─── The records ───

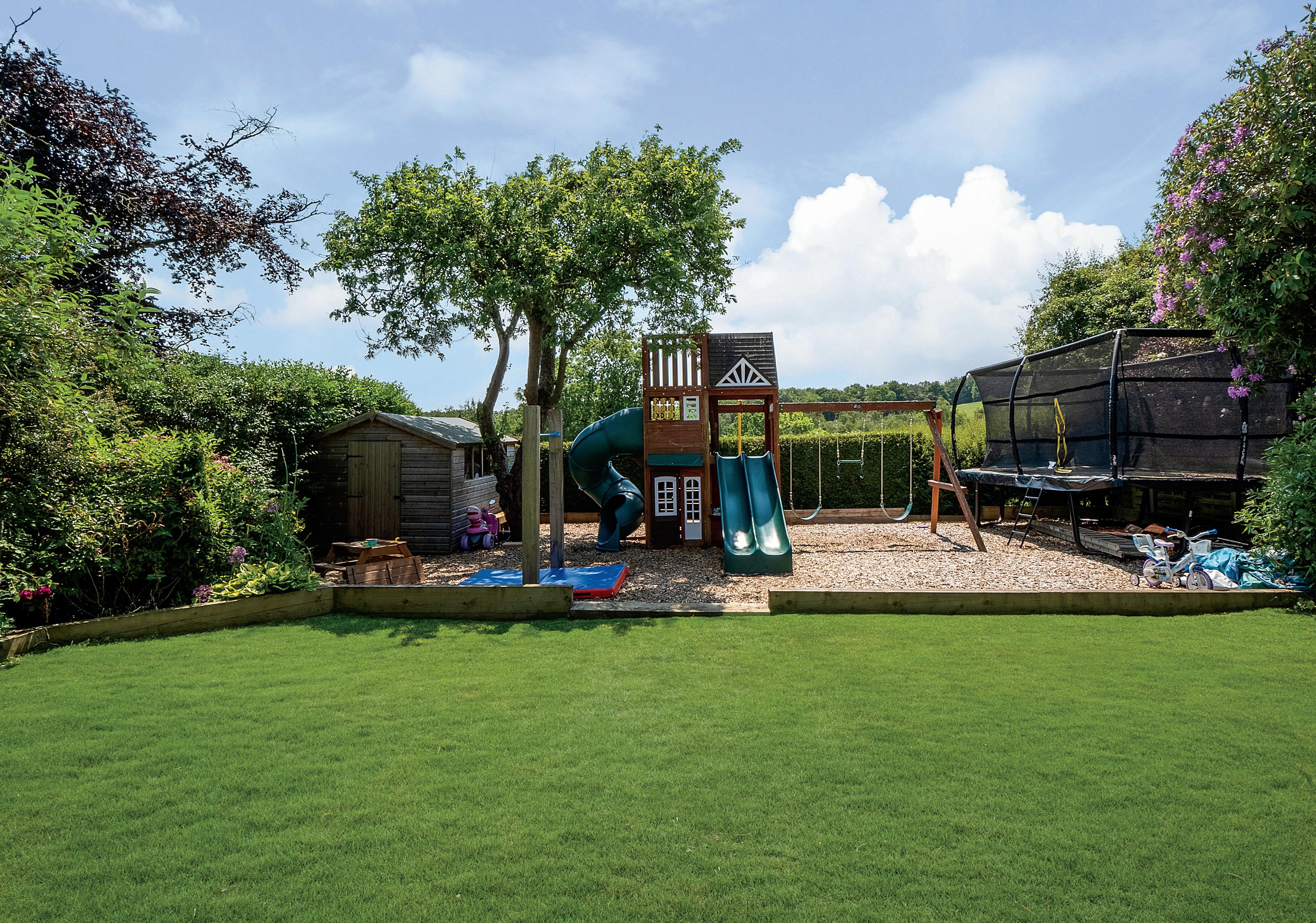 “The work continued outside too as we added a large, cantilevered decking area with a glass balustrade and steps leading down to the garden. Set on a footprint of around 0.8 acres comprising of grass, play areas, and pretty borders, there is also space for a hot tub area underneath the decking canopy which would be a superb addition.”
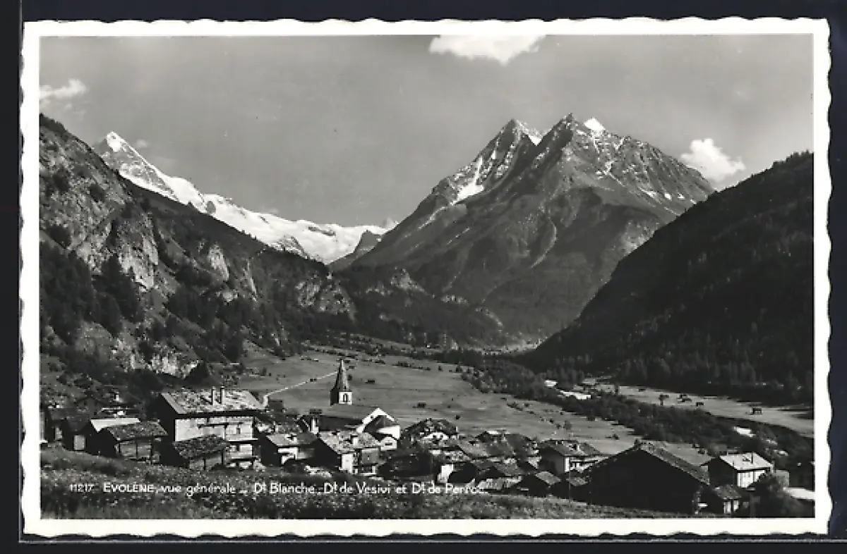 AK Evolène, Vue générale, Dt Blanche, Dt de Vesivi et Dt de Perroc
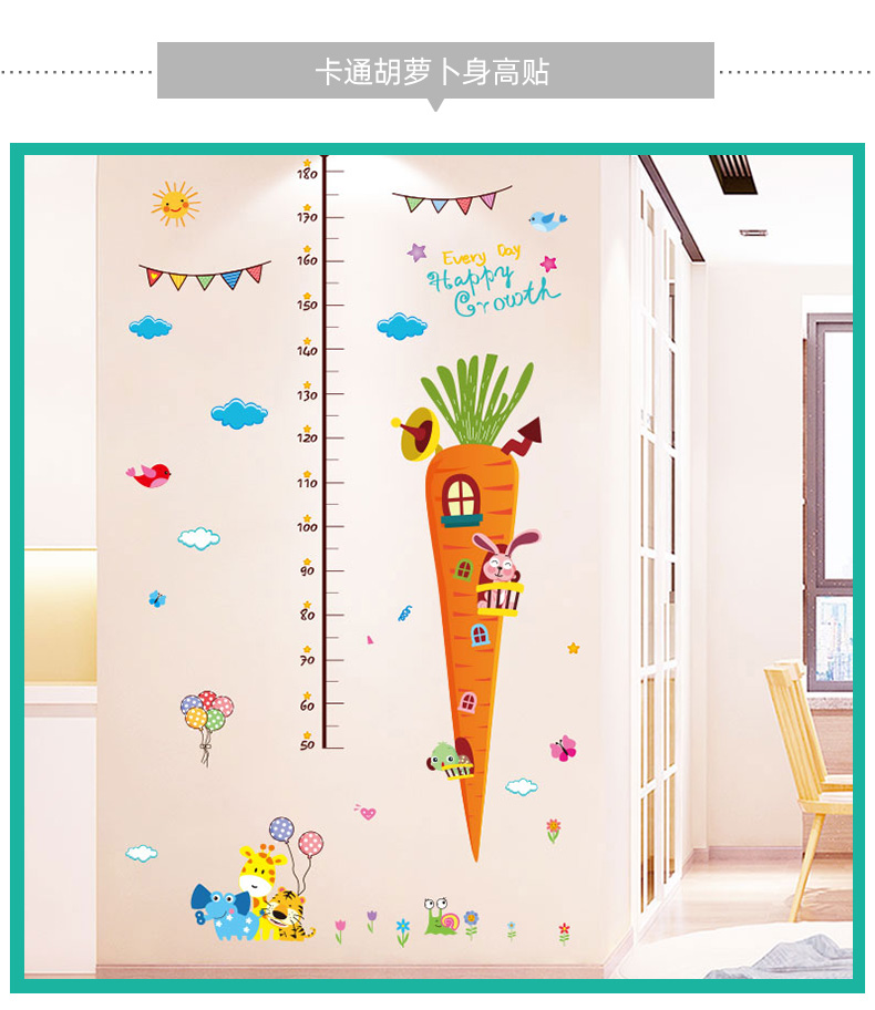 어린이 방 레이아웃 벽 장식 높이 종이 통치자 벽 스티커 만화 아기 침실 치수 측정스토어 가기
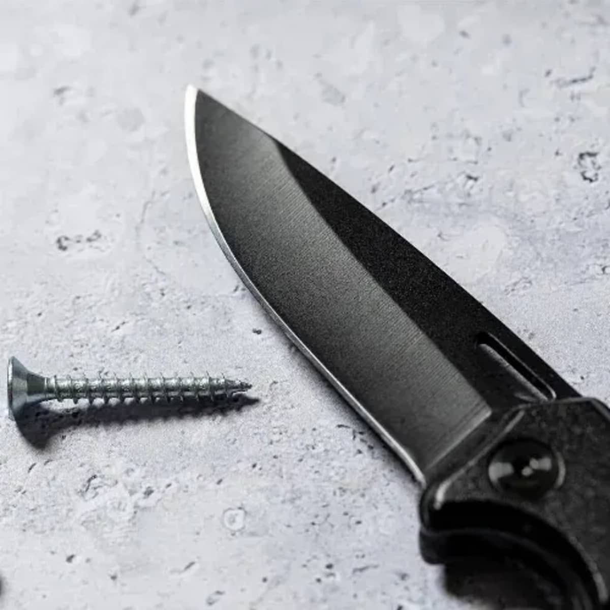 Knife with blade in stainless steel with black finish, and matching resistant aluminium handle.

───
─── The records ───

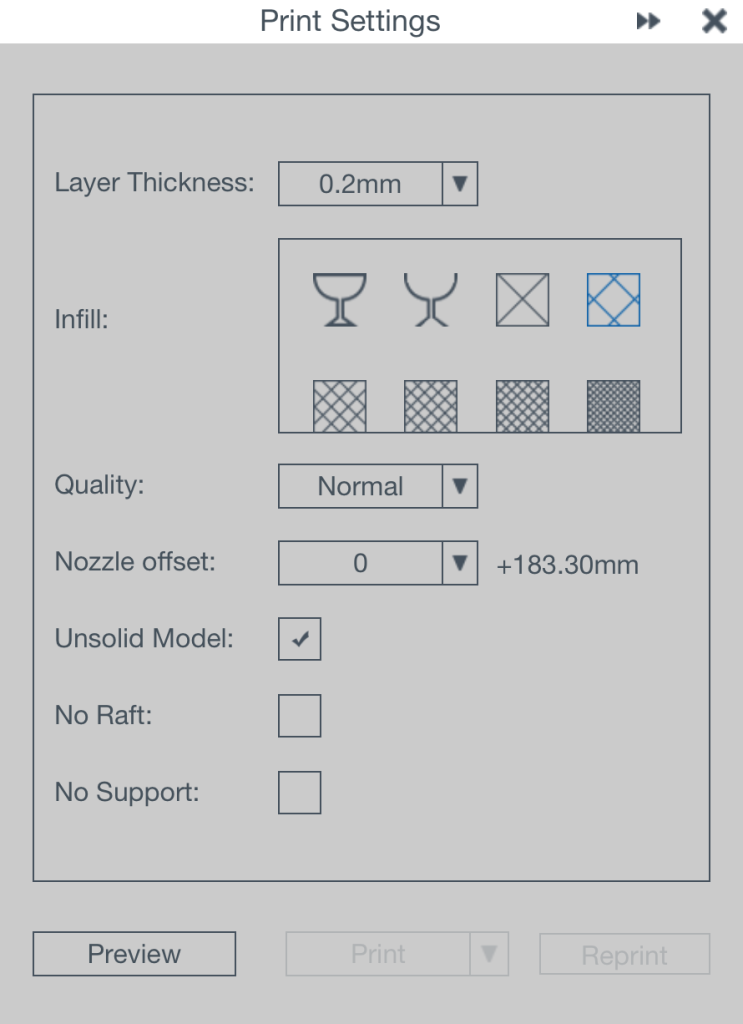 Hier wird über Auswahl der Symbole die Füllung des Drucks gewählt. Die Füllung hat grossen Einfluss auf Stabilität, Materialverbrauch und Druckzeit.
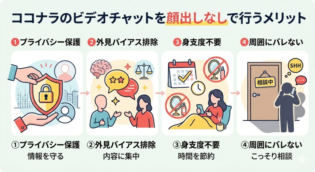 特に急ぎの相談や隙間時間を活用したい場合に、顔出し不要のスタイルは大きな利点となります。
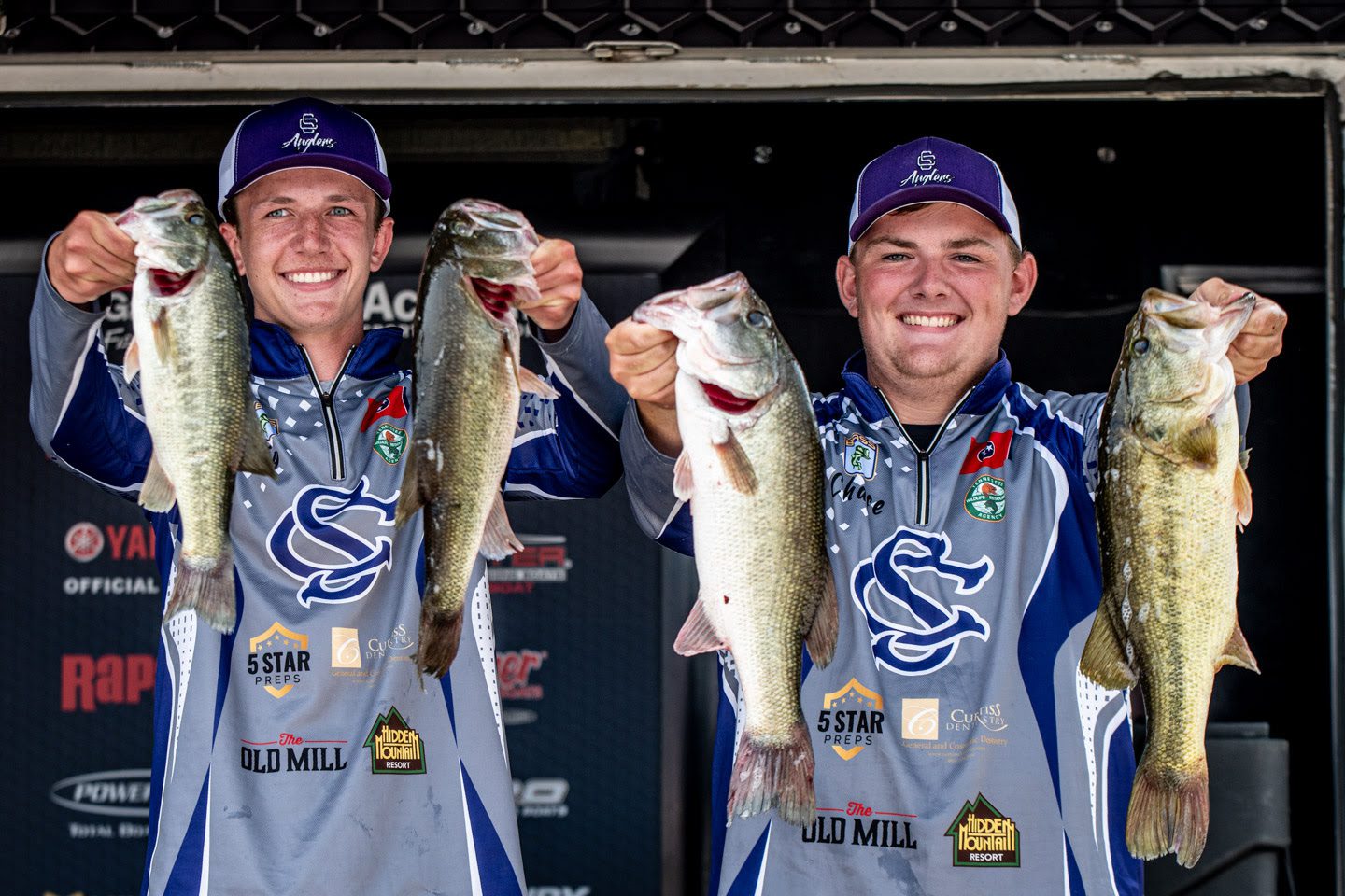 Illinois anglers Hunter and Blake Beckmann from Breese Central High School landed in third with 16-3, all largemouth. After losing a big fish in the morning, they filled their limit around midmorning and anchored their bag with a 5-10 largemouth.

───

Activity: Everything above from the line with "work continued outside" through the line with "Knife with blade" should be retyped exactly, and nothing else; omit pictures.

Response:
 “The work continued outside too as we added a large, cantilevered decking area with a glass balustrade and steps leading down to the garden. Set on a footprint of around 0.8 acres comprising of grass, play areas, and pretty borders, there is also space for a hot tub area underneath the decking canopy which would be a superb addition.”
 AK Evolène, Vue générale, Dt Blanche, Dt de Vesivi et Dt de Perroc
 어린이 방 레이아웃 벽 장식 높이 종이 통치자 벽 스티커 만화 아기 침실 치수 측정스토어 가기
 Knife with blade in stainless steel with black finish, and matching resistant aluminium handle.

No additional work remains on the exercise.